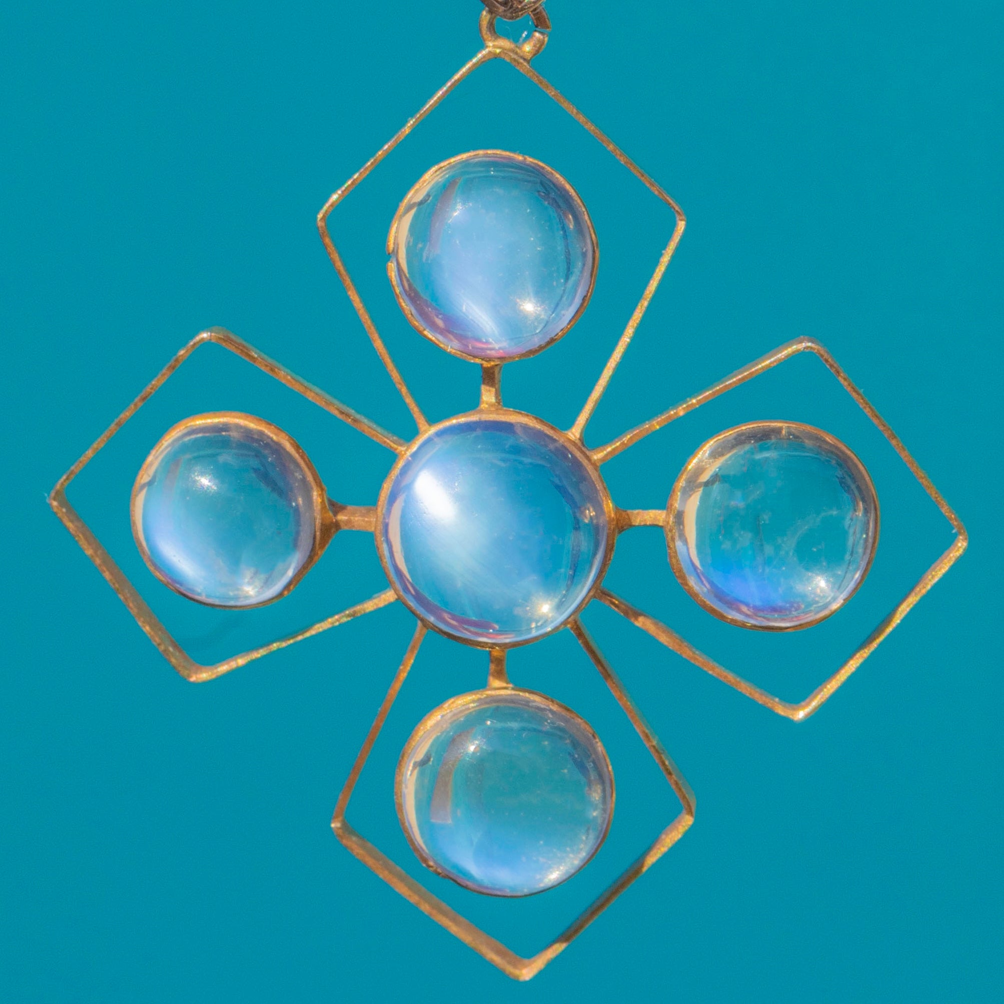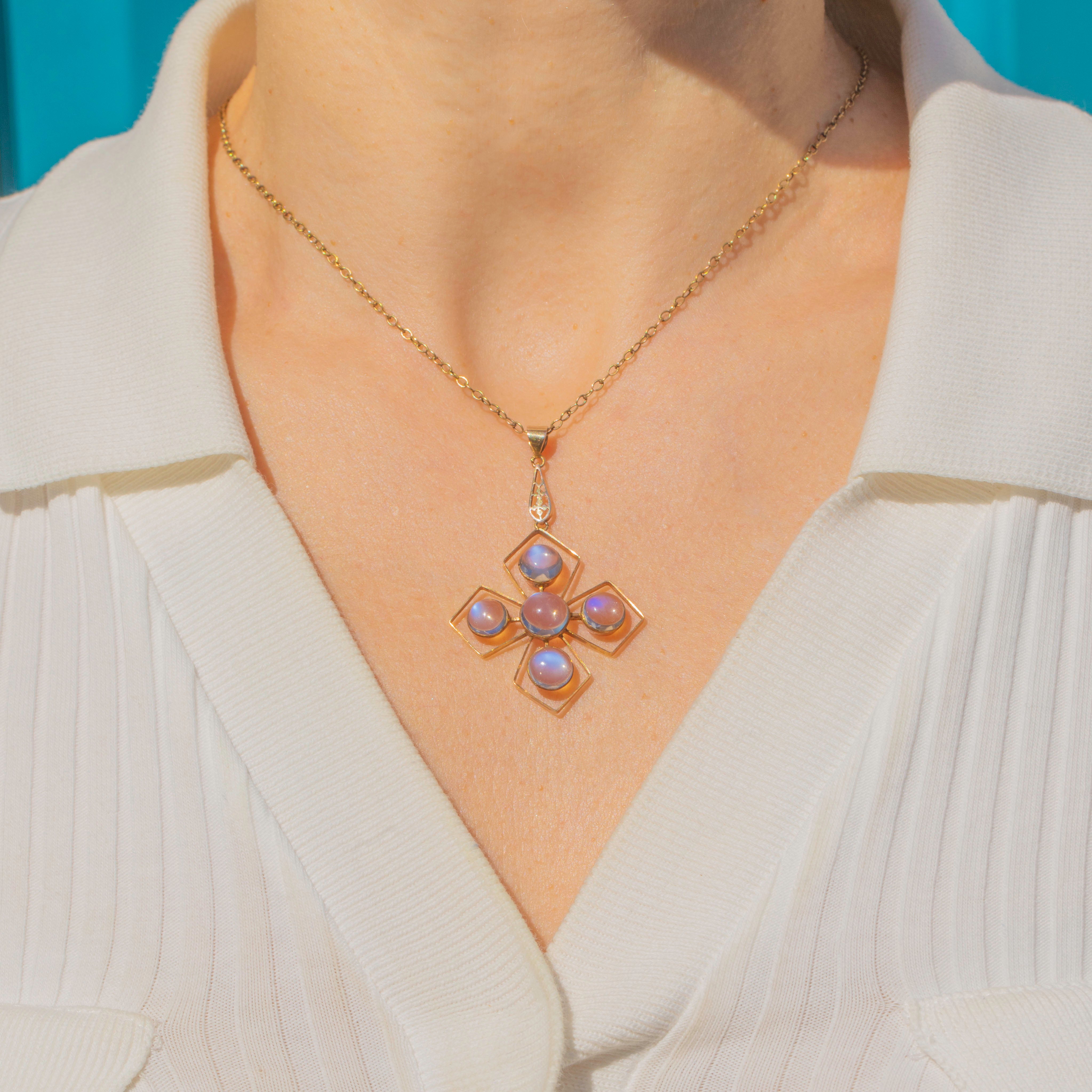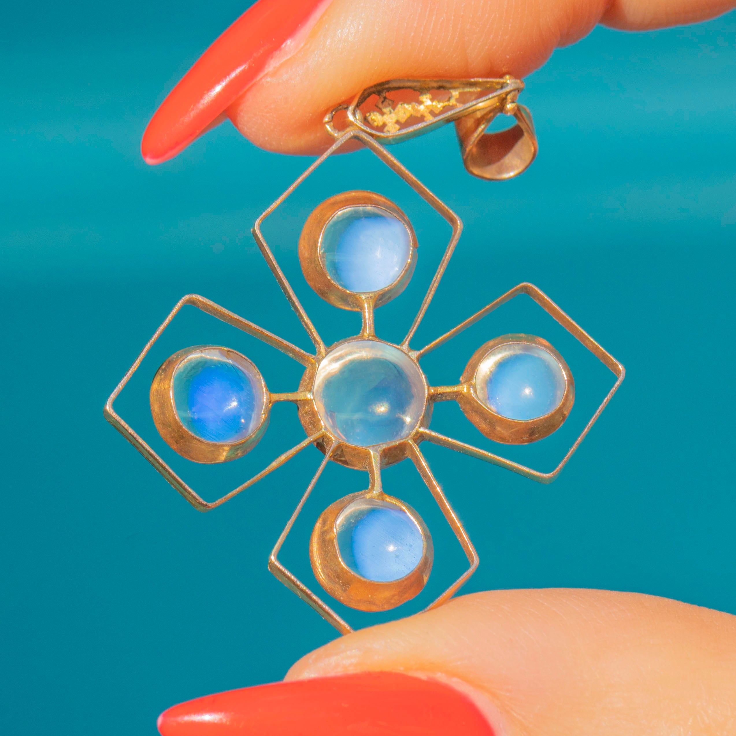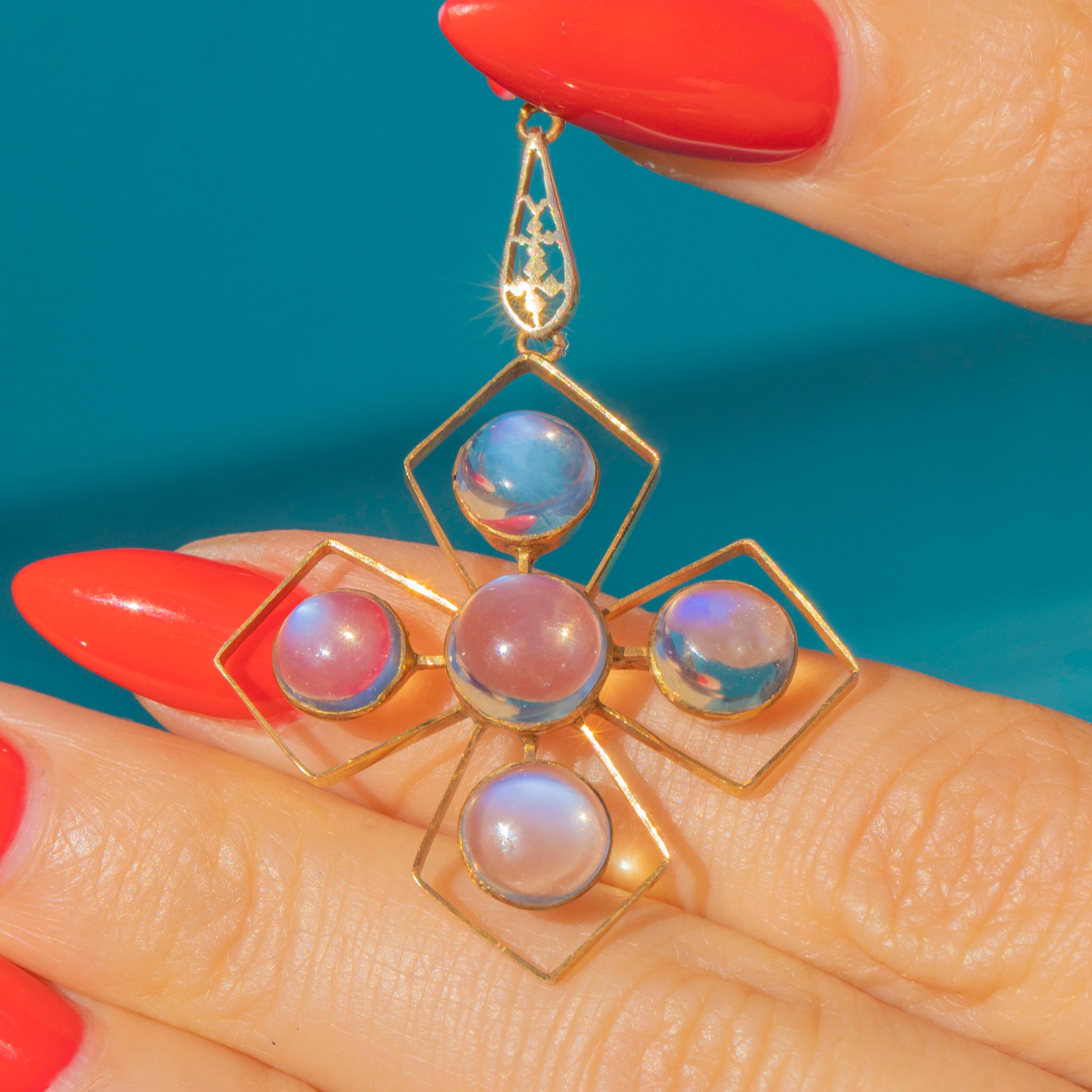 Crafted from buttery 9ct Gold, she features five iridescent Ceylon Moonstones, each boasting a gorgeous silvery blue adularescence as they catch the light. The Moonstones are set within geometric settings and complete with an elongated bale, making this pendant an exemplar of Victorian craftsmanship.
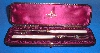 Victorian silver & mother of pearl butter knife & two pickle forks in a fitted case.
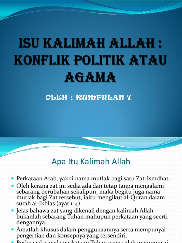 Penggunaan kalimah allah bagi golongan bukan islam dibentangkan oleh. 1 mohd toriq bin hj sulaiman. Keputusan kabinet pada mei 1986 yang telah memutuskan bahawa terdapat empat kalimah yang tidak dibenarkan penggunaannya oleh bukan islam iaitu allah ka bah baitullah dan solat. Membenarkan penggunaan kalimah allah oleh golongan bukan muslim dengan bersandarkan hukum asal semata mata akan menghasilkan suatu ketetapan hukum yang kurang berpaut kepada.
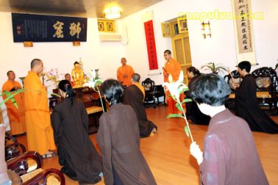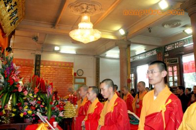 上午七点半,礼请主法和尚。僧俗四众齐装威颜,在僧值明律法师带领下提具拈香,伴随悦耳的引磬声来到方丈楼。本寺方丈则悟法师端坐室中,仪仗队庄严有序缓行至法堂。当杨枝净水赞唱起,则悟法师开始带众礼佛。接着大悲咒声声不断,以严净坛场。
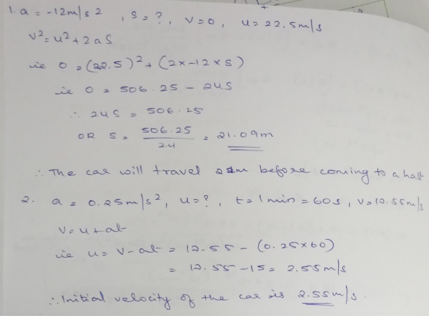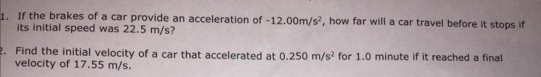 1. If the brakes of a car provide an acceleration of -12.00m/s2, ho...
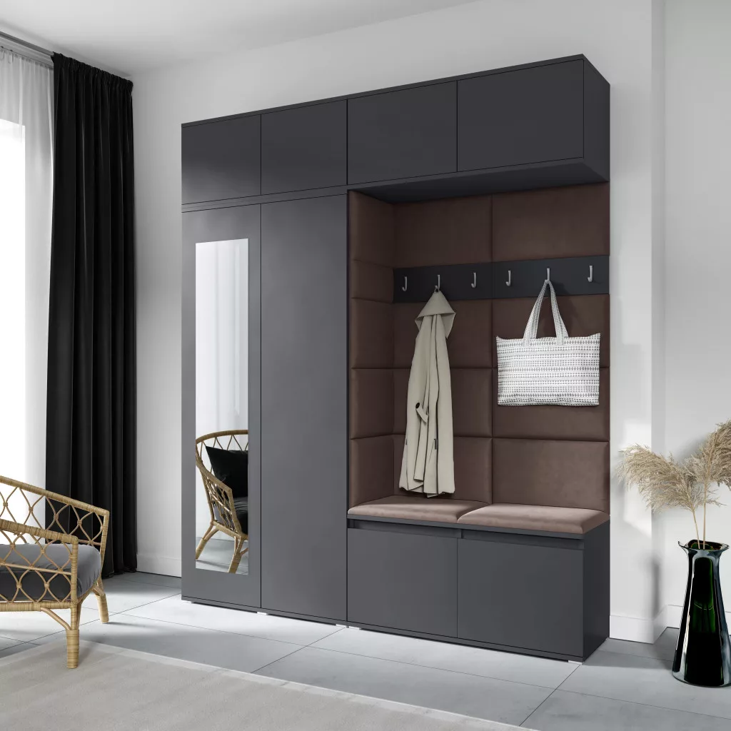 Blum 16 kárpitozott előszobafal tükörrel, grafit - barna 08
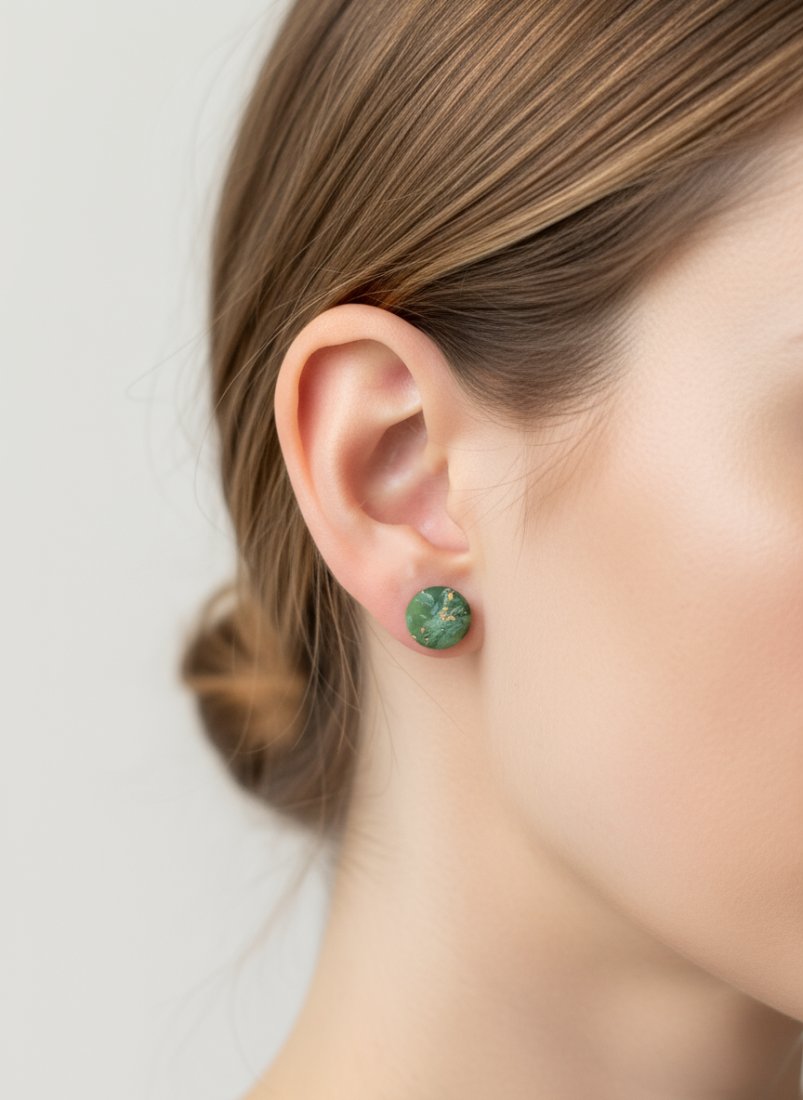 Delikatne, a jednocześnie przyciągające wzrok kolczyki – sztyfty o subtelnym, okrągłym kształcie. Wykonane ręcznie z gliny polimerowej w szlachetnym odcieniu zieleni i ozdobione subtelnymi złotymi drobinkami, które nadają im elegancji i niepowtarzalności.
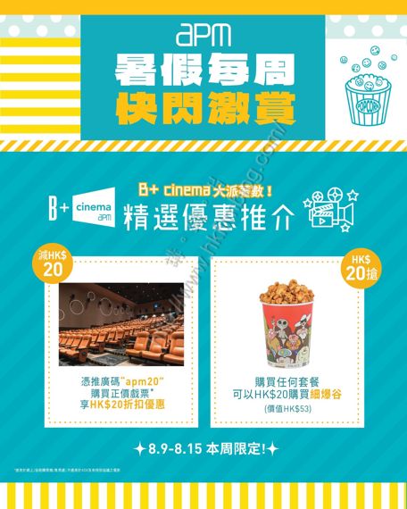至於另一個優惠,就是凡於B+ cinema apm購買任何套餐,就可以用二十元來購買原價為五十三元的細爆谷。

#### Task requirements:
What is needed is a verbatim copy of the entries, leaving out any pictures.

#### Written reply:
 Crafted from buttery 9ct Gold, she features five iridescent Ceylon Moonstones, each boasting a gorgeous silvery blue adularescence as they catch the light. The Moonstones are set within geometric settings and complete with an elongated bale, making this pendant an exemplar of Victorian craftsmanship.
 Victorian silver & mother of pearl butter knife & two pickle forks in a fitted case.
 Penggunaan kalimah allah bagi golongan bukan islam dibentangkan oleh. 1 mohd toriq bin hj sulaiman. Keputusan kabinet pada mei 1986 yang telah memutuskan bahawa terdapat empat kalimah yang tidak dibenarkan penggunaannya oleh bukan islam iaitu allah ka bah baitullah dan solat. Membenarkan penggunaan kalimah allah oleh golongan bukan muslim dengan bersandarkan hukum asal semata mata akan menghasilkan suatu ketetapan hukum yang kurang berpaut kepada.
 上午七点半,礼请主法和尚。僧俗四众齐装威颜,在僧值明律法师带领下提具拈香,伴随悦耳的引磬声来到方丈楼。本寺方丈则悟法师端坐室中,仪仗队庄严有序缓行至法堂。当杨枝净水赞唱起,则悟法师开始带众礼佛。接着大悲咒声声不断,以严净坛场。
 1. If the brakes of a car provide an acceleration of -12.00m/s2, ho...
 Blum 16 kárpitozott előszobafal tükörrel, grafit - barna 08
 Delikatne, a jednocześnie przyciągające wzrok kolczyki – sztyfty o subtelnym, okrągłym kształcie. Wykonane ręcznie z gliny polimerowej w szlachetnym odcieniu zieleni i ozdobione subtelnymi złotymi drobinkami, które nadają im elegancji i niepowtarzalności.
至於另一個優惠,就是凡於B+ cinema apm購買任何套餐,就可以用二十元來購買原價為五十三元的細爆谷。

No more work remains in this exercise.